* **PROBLEM STATEMENT**: Within the material below, locate the line with "<穂の発育予測編> | ・ | <玄米の発育予測編> |" and the line with "2011年4月16日上午,安", then return those two lines and all lines between them, exactly as written.

* **INFORMATION SHOWN**:
[Start of Attachment]
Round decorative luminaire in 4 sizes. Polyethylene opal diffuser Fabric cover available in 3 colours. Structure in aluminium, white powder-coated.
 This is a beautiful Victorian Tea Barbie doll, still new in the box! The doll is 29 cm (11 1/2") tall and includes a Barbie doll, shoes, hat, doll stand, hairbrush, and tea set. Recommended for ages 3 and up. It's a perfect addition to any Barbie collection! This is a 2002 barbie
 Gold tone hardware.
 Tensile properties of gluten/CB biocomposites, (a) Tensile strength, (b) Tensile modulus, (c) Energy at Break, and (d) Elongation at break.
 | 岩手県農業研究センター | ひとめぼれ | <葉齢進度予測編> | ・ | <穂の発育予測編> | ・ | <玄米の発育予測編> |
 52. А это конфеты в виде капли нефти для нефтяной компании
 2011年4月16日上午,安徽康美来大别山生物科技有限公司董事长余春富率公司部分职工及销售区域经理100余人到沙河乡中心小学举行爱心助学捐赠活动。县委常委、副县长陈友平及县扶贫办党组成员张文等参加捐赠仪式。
[End of Attachment]
[Start of Attachment]
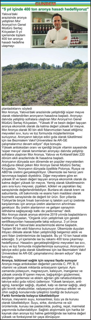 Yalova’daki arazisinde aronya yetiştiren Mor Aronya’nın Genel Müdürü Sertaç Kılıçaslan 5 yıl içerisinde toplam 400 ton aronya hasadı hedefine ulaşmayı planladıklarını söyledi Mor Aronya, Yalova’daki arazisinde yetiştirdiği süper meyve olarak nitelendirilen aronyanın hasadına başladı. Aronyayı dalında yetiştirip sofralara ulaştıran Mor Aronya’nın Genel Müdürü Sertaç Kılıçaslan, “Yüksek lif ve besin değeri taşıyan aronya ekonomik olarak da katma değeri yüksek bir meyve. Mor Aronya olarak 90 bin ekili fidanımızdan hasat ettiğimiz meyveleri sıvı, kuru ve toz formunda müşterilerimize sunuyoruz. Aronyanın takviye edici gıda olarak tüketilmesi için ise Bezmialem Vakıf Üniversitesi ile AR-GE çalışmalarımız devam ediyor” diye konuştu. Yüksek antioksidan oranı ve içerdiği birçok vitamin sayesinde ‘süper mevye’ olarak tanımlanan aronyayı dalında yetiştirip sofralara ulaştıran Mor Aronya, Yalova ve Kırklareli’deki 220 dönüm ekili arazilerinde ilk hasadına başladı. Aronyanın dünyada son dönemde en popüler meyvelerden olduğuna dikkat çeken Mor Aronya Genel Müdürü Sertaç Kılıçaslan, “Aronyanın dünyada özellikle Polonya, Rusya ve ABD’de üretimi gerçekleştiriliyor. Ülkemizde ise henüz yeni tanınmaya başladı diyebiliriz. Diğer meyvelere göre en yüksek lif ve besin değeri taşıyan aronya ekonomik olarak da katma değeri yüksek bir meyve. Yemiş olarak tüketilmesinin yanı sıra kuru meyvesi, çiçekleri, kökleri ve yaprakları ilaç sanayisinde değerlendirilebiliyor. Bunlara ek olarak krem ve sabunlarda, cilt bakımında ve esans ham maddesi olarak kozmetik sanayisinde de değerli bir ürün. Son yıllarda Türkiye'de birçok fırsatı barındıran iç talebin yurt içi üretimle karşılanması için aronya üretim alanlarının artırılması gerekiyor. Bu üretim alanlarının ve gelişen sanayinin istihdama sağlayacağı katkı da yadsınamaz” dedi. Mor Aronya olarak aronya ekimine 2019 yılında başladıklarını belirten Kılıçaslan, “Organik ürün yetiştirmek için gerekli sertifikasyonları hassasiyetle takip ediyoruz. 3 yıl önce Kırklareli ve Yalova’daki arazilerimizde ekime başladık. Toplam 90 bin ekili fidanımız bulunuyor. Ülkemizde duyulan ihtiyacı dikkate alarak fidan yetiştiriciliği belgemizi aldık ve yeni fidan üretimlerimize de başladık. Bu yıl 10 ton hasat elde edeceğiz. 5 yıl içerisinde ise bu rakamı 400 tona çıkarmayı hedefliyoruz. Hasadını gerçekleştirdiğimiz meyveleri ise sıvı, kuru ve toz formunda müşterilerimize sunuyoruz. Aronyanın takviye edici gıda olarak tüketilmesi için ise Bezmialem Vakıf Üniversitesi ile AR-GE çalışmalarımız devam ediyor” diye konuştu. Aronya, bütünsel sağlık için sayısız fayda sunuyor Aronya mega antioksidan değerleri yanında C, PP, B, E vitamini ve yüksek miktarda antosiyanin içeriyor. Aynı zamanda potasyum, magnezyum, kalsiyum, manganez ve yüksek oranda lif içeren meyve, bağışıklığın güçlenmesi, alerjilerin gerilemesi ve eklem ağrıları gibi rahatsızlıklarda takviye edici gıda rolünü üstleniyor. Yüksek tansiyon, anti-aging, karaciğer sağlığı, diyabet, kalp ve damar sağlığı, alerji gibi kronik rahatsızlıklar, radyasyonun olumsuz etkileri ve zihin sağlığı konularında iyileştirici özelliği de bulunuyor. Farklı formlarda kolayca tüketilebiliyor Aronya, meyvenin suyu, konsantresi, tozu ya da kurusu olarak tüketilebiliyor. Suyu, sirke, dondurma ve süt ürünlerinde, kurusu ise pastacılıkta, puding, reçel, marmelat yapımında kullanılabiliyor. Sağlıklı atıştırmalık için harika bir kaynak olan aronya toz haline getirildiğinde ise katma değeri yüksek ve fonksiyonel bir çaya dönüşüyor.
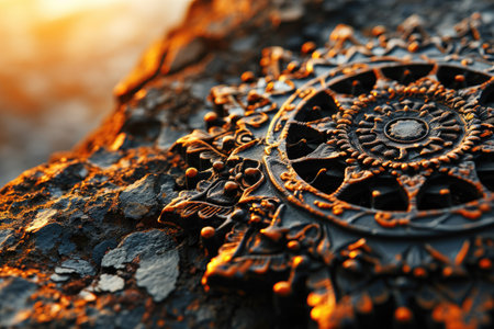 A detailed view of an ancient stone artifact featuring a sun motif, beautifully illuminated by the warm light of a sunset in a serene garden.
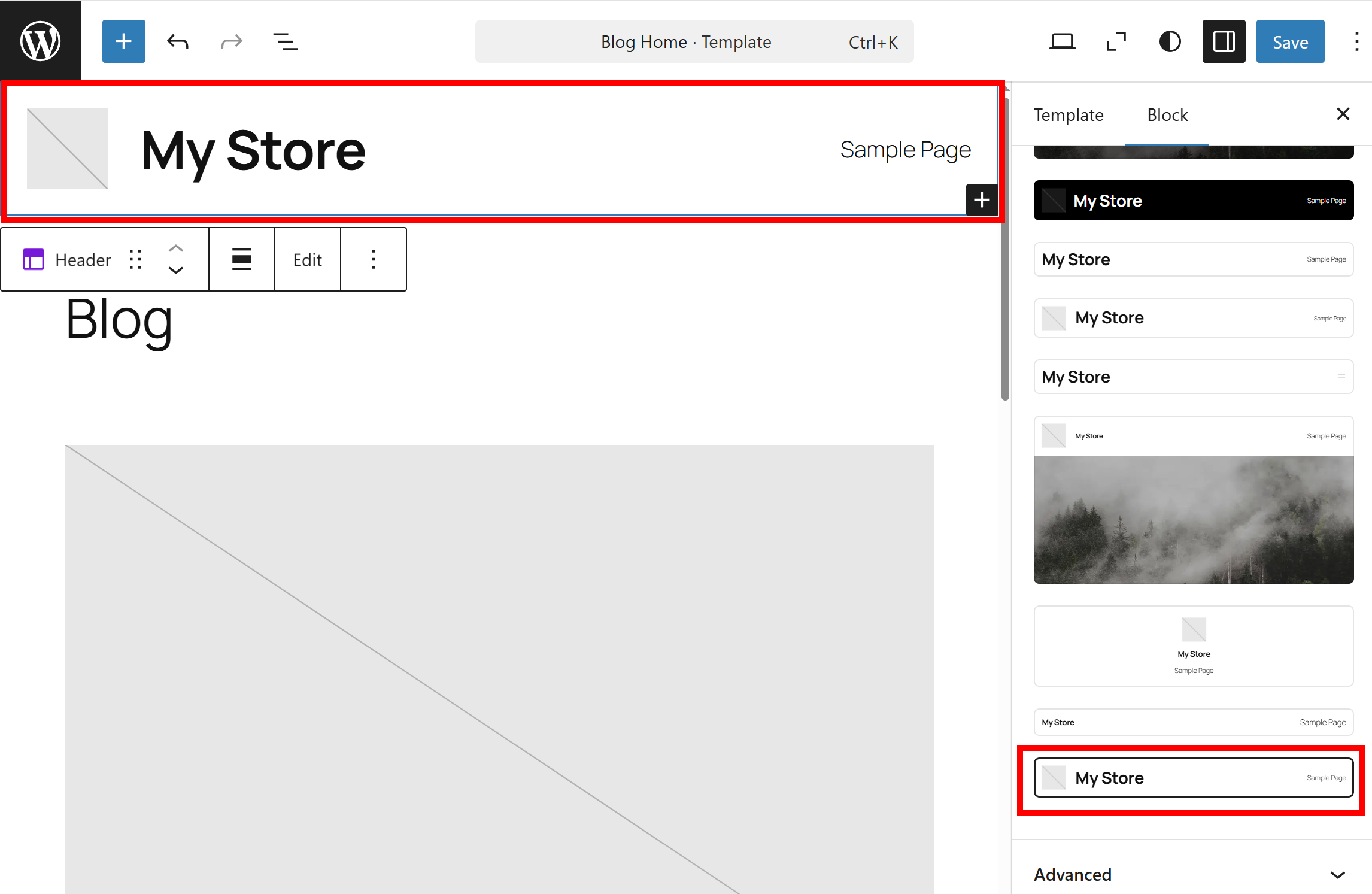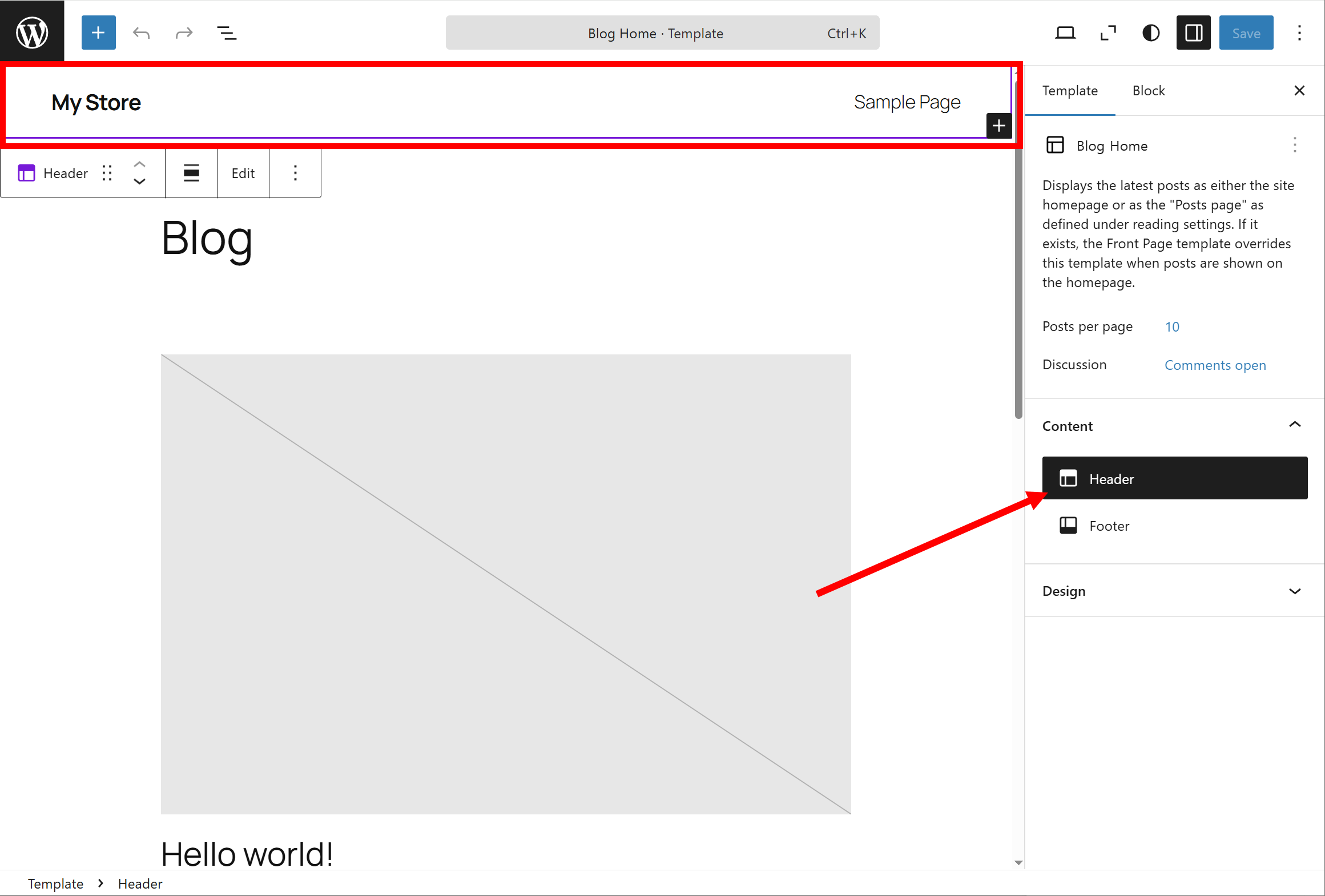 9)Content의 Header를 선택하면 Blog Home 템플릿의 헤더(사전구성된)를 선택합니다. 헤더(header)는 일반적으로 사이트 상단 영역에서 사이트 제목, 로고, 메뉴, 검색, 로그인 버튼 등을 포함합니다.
[End of Attachment]
[Start of Attachment]
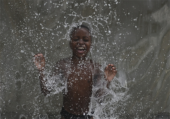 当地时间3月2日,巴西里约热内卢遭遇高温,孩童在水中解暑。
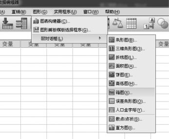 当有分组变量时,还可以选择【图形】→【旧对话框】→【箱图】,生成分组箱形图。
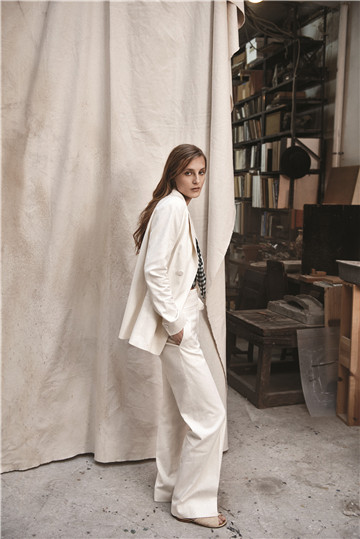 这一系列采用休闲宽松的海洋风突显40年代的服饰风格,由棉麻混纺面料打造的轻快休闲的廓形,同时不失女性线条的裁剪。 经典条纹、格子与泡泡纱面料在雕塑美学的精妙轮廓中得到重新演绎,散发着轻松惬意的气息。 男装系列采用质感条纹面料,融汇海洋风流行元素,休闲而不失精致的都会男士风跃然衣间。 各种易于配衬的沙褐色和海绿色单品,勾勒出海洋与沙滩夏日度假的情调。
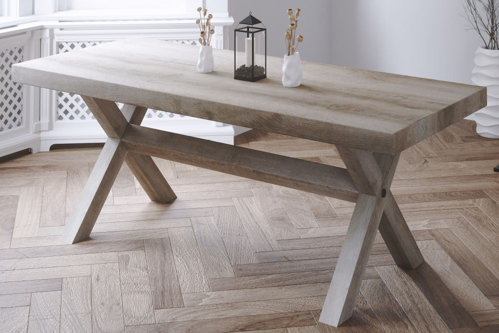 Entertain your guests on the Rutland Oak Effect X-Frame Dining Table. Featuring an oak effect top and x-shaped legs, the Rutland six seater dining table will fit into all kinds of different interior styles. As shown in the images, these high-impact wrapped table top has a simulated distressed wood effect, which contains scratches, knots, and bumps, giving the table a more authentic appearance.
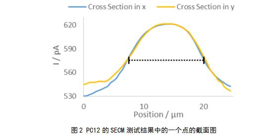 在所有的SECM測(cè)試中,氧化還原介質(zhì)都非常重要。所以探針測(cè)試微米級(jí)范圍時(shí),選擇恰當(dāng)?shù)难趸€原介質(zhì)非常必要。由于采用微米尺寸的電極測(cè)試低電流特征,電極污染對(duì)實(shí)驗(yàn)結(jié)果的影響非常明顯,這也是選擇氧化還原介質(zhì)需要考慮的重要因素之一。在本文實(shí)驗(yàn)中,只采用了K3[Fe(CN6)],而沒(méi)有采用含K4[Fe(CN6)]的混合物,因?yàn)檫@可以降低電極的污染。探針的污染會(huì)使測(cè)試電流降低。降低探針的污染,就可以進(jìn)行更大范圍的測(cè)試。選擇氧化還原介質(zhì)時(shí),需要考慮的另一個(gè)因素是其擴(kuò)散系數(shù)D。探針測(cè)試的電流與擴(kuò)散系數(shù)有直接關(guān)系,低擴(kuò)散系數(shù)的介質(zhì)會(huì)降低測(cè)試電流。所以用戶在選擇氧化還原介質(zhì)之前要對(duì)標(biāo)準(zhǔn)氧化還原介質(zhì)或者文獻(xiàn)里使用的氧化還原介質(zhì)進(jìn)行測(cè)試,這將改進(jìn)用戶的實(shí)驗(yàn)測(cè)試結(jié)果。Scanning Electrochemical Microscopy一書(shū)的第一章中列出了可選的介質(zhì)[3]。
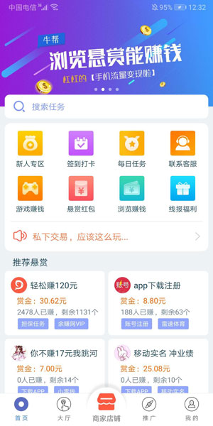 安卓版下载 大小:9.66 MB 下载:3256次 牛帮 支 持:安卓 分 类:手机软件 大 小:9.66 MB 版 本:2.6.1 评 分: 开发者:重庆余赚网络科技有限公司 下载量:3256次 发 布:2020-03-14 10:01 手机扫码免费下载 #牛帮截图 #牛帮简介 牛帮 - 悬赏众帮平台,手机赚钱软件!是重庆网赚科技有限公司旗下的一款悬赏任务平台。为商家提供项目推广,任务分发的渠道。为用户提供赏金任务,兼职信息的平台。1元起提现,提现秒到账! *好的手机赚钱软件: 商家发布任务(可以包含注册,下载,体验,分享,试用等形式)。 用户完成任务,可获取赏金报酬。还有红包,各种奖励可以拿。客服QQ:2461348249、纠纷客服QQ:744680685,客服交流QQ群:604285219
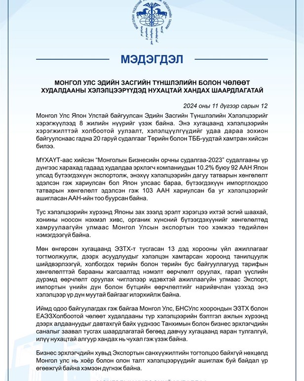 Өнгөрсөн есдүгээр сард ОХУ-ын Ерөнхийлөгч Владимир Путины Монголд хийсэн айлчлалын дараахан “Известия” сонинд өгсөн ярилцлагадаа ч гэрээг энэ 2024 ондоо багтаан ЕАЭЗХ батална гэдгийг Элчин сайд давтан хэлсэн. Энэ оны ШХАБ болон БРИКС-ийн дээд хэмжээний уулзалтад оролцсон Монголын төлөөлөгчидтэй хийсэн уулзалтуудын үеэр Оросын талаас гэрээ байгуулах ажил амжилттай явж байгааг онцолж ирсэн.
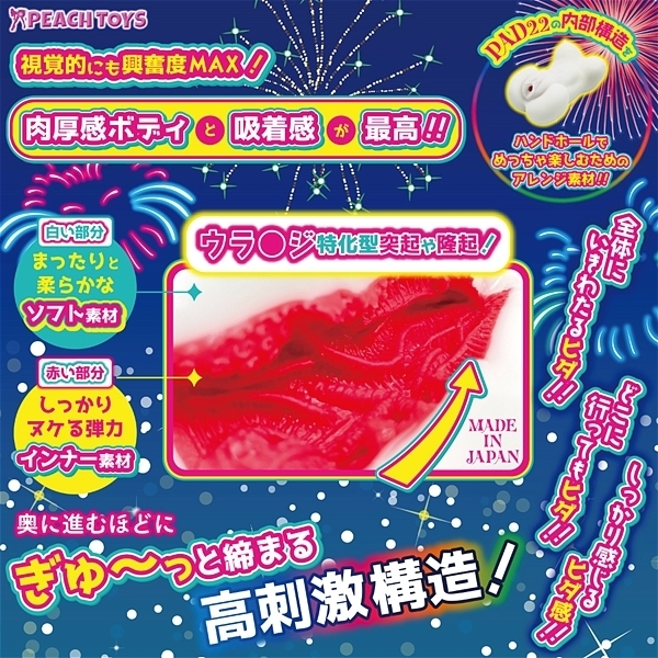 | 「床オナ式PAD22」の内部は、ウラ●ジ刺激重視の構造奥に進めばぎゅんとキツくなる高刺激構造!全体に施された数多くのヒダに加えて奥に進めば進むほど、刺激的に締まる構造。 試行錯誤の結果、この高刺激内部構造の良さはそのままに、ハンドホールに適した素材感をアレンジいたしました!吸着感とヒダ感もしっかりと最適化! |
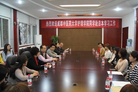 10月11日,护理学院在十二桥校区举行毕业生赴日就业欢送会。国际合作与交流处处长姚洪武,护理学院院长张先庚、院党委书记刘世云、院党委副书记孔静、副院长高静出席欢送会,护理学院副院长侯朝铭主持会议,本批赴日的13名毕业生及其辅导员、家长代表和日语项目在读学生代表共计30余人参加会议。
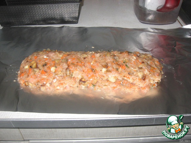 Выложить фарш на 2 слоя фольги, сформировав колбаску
[End of Attachment]
* **RESPONSE AREA**:
 | 岩手県農業研究センター | ひとめぼれ | <葉齢進度予測編> | ・ | <穂の発育予測編> | ・ | <玄米の発育予測編> |
 52. А это конфеты в виде капли нефти для нефтяной компании
 2011年4月16日上午,安徽康美来大别山生物科技有限公司董事长余春富率公司部分职工及销售区域经理100余人到沙河乡中心小学举行爱心助学捐赠活动。县委常委、副县长陈友平及县扶贫办党组成员张文等参加捐赠仪式。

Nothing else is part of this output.